ML has been used to allocate portfolios based on decision-tree models that compute a hierarchical form of risk parity. As a result, risk characteristics are driven by patterns in asset prices rather than by asset classes and achieve superior risk-return characteristics.

In Chapter 5, Strategy Evaluation and Chapter 12, Unsupervised Learning, we illustrate how hierarchical clustering extracts data-driven risk classes that better reflect correlation patterns than conventional asset class definition.

Testing trade ideas

Backtesting is a critical step to select successful algorithmic trading strategies. Cross-validation using synthetic data is a key ML technique to generate reliable out-of-sample results when combined with appropriate methods to correct for multiple testing. The time series nature of financial data requires modifications to the standard approach to avoid look-ahead bias or otherwise contaminate the data used for training, validation, and testing.
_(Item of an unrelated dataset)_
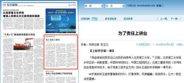 【光明日報】北理工王越院士:為了責任上講臺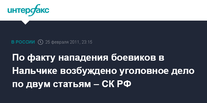 Нальчик. 25 февраля. ИНТЕРФАКС-ЮГ – В Кабардино-Балкарии возбуждено уголовное дело по факту обстрела боевиками ряда объектов правоохранительных органов, сообщили агентству "Интерфакс-Юг" в Следственном управлении Следственного комитета РФ по республике.

In addition, the limited availability of historical data has given rise to alternative approaches that use synthetic data:

We will demonstrate various methods to test ML models using market, fundamental, and alternative that obtain sound estimates of out-of-sample errors.
In Chapter 20, Autoencoders and Generative Adversarial Nets, we present GAN that are capable of producing high-quality synthetic data.

Reinforcement learning

Trading takes place in a competitive, interactive marketplace. Reinforcement learning aims to train agents to learn a policy function based on rewards.

In Chapter 21, Reinforcement Learning we present key reinforcement algorithms like Q-Learning and the Dyna architecture and demonstrate the training of reinforcement algorithms for trading using OpenAI's gym environment.